Task prompt →
Repeat the listing below exactly. Pictures do not belong in the copy.
[[ Material for this task, beginning ]]
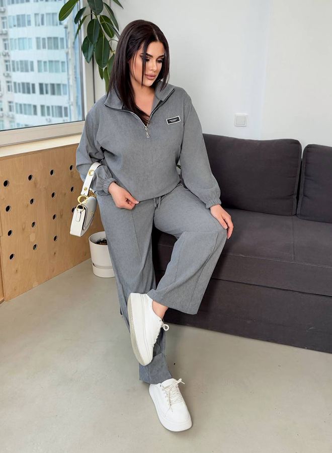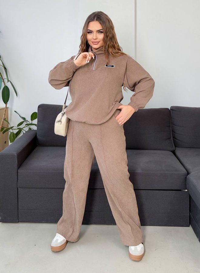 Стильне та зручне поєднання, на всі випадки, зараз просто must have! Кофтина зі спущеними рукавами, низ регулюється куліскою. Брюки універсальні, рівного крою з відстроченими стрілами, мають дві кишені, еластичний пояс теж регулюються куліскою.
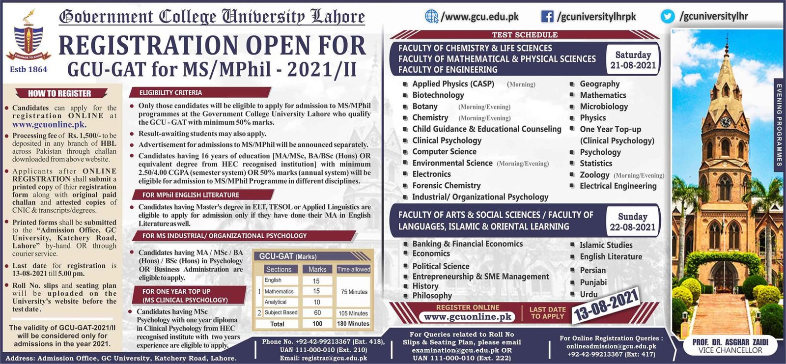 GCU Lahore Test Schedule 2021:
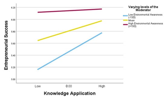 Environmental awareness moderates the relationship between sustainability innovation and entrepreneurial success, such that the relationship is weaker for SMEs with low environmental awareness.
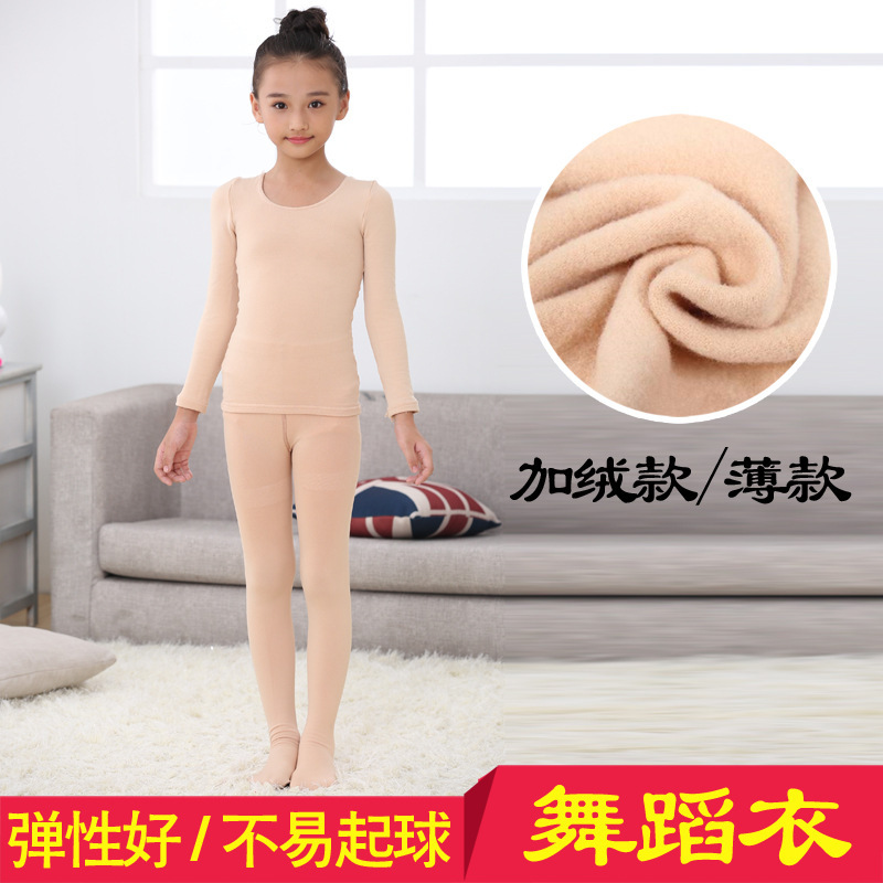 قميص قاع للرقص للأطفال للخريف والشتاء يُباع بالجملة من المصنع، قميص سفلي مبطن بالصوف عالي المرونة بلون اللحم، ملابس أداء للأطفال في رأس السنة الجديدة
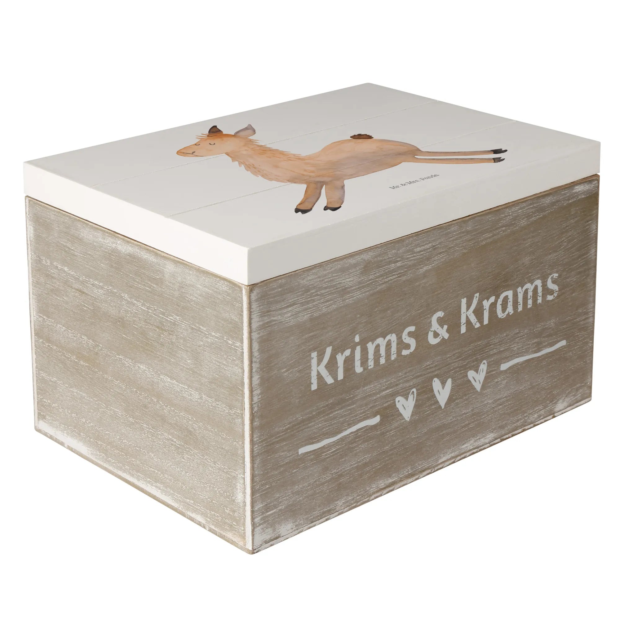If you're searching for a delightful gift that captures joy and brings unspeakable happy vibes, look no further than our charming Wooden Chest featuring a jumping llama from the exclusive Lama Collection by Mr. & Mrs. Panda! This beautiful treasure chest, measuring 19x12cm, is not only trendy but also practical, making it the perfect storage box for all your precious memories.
[[ Material for this task, end ]]
Expected output →
 Стильне та зручне поєднання, на всі випадки, зараз просто must have! Кофтина зі спущеними рукавами, низ регулюється куліскою. Брюки універсальні, рівного крою з відстроченими стрілами, мають дві кишені, еластичний пояс теж регулюються куліскою.
 GCU Lahore Test Schedule 2021:
 Environmental awareness moderates the relationship between sustainability innovation and entrepreneurial success, such that the relationship is weaker for SMEs with low environmental awareness.
 قميص قاع للرقص للأطفال للخريف والشتاء يُباع بالجملة من المصنع، قميص سفلي مبطن بالصوف عالي المرونة بلون اللحم، ملابس أداء للأطفال في رأس السنة الجديدة
If you're searching for a delightful gift that captures joy and brings unspeakable happy vibes, look no further than our charming Wooden Chest featuring a jumping llama from the exclusive Lama Collection by Mr. & Mrs. Panda! This beautiful treasure chest, measuring 19x12cm, is not only trendy but also practical, making it the perfect storage box for all your precious memories.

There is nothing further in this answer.